Jeez. (dont confuse with jizz). what a truly horrible year this has been. just like from that intro song on Friends. Haven't been your day, your week, or even a year. I think most people go through this back in highschool or something. bleh, puberty. Nothing out of ordinary i might add. girls, school, work, etc etc.> it's true. When a hobby changes into something eeeeeeeeeevil - work it sucks. suddenly there are a lot of details that you really dont care for. co-workers to talk to. boss! work-day. on the plus side - money. but still it's work. then there's school. all my friends are there - and im fuckin' workin full-time - 60 hour weeks no less. plus the fact that i got kicked out. i mean i'm not dumb!. I'm just an epitome of lazyness. (weeee i learned a new word! epitome.) anyhow ill be back there in a few months. mean-while my coworkers are all thirty-ish..im nineteen. plus very immature. lovely aint it ? why am i even writing it here? hopefully i can laugh when lookin' back at this. don't wanna whine at my friends. they truly are great people for puttin up with me. but they got problems too. (heh dont' we all).fucking bills. my salary is great. never for the life of me could i imagine that i would be earned this much. quite frankly, i sometimes doubt that im worth that much. but i like it. so i'm not going to tell them to lower it. unfortunately me being the responsible asshole i must work it off. on the other hand im a contractor - so every minute is paid for. heh. i've been spending too much money lately. i've only saved about 30% of my income. Shitty. girls...girls..heh. fuckin' relationships. why can't it be - "girl. you're pretty. you're smart. you turn me on. i wanna hug you, and i wanna fuck you. why dont we be together untill it runs out for one of us"? no bullshit. no pretending. just truth. be blunt. why not? dont say the "forever" bullshit. nothing is forever. don't expect much. let everything extra be a pleasant suprise. be true to your promises. dont play around. bah..it's never like that is it? it always has to be half truths and someone getting hurt. someone always crying, and someone always beeing depressed. Someone always havin to deal, and someone always trying to forget. Hey, i've made a mistake. i admited it! yes, i'm fucked up! i know! but tell me what you want! i dont understand! You giving me mixed signals. I've never been too bright in this regard. bah. jesus. why the fuck am i doing this? why i am here? why are we all here?
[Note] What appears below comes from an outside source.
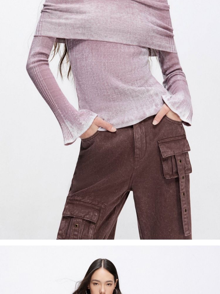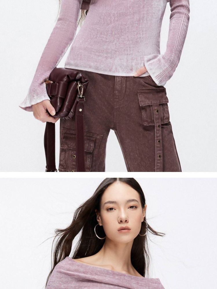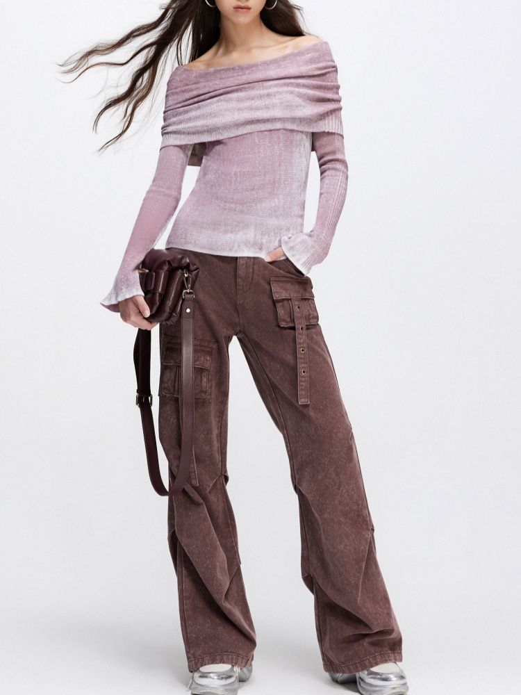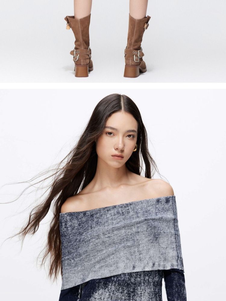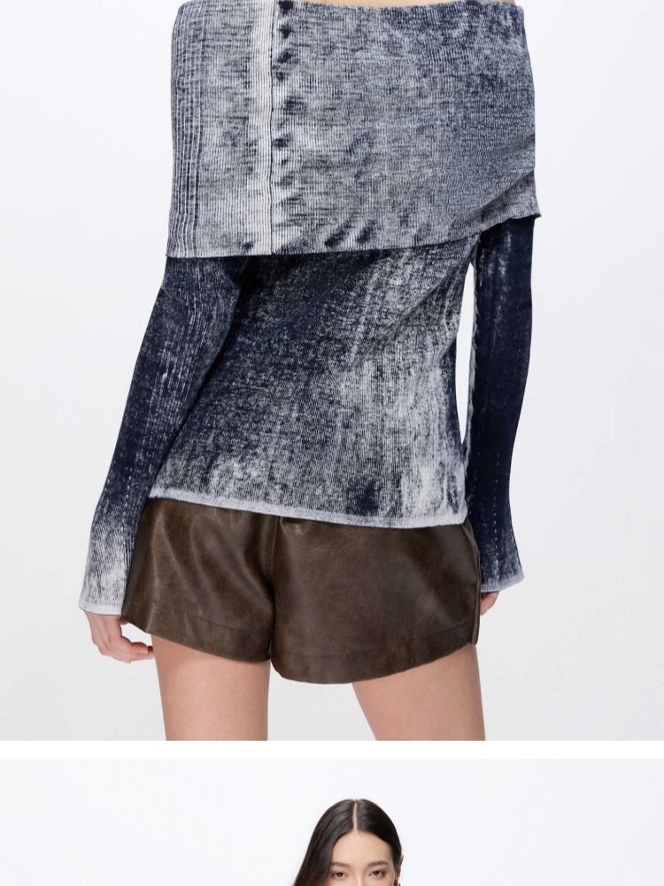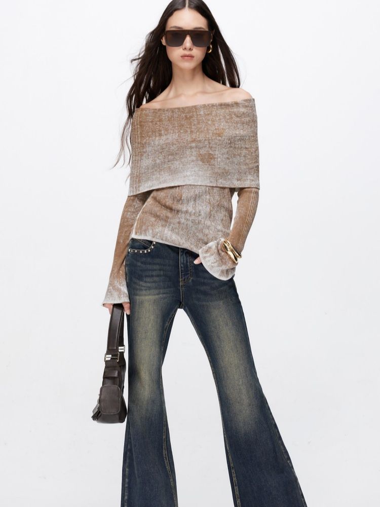 商品名称:【一字肩】春季时尚优雅做旧纯棉修身一字肩针织衫女 904282

bool Alive = true; while(Alive) { breath-in(); breath-out(); }

dont press esc in text box it's scary. blah. maybe i just need to booze again. sigh. heh.
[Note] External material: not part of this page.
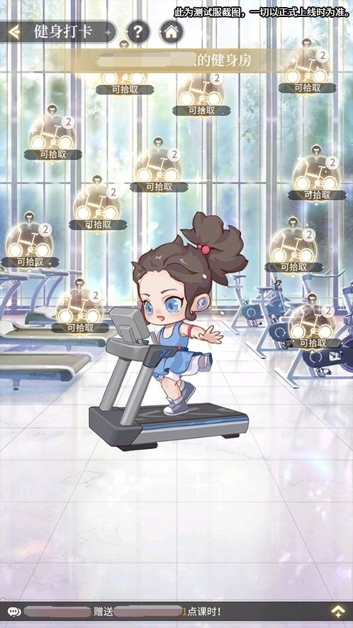 打卡健身:消耗课时进行健身,可消耗卡路里,消耗卡路里进度条满后,即健身结束,可获得健身奖励。

/me shakes like a wet dog. let the water fly off. what did i do today? eh..today was a good day. i woke up at 4pm. leetness! really. 12 hours of sleep is mighty good. then i played homeworld for a bit. what a cool game. leet. i can prolly play for a long time. hour a day, for a few months. then i played tanarus. another game that kicks ass. i think i've been gaining score too much in the newbie arenas so i was forced to play in open. got roasted by pros so many times that my kill/death ratio droped to just above 1.5..then i tried to create a tape ( yes a tape!! i dont want a cdplayer coz i want an mp3 one but waitin for something cheap!) but the fuckin tape recorder died or something. then me and byron and mike went to UBC to study in Koerner. we got there at approximately 9.20. Considering that it closes at 11 we didn't have much time. Then Trish and Zig called byron again. I of course didn't know it (i thought i was talkin to trish only) and said few things on the phone that i perhaps shouldn't have said ...im depressed...im pissed..and ill be fuckin damned if i let you mess me up any more! ...then sab called my cell so i had to talk to her for half an hour. eventually around 10 i got to studying. never fail your courses. once you understand how simple that stuff is, it just makes you feel even stupider. around 11 library staff kicked us out. we went to play ddr. byron is crazy. hehe if alana is a dancing queen, byron is the king. i gave mike a ride back to New Westminster. He was riding shotgun and pretending to give me a blow job when we were beside a cab. So embarassing. People inside were laughing at us, and then slowed down. hehe. Before we got to new west we stopped at Subway. I love sandwiches with extra onions. stinks as hell but fun. the guy behind the counter had a curious accent. i asked him where he was from - apparently quebec. that made me think about melodrame right away. he's from around there somewhere too. on the way back me and byron listened to n'sync. i have become everything that i loathed. hehe. anyhow then - is now. and im getting out of here.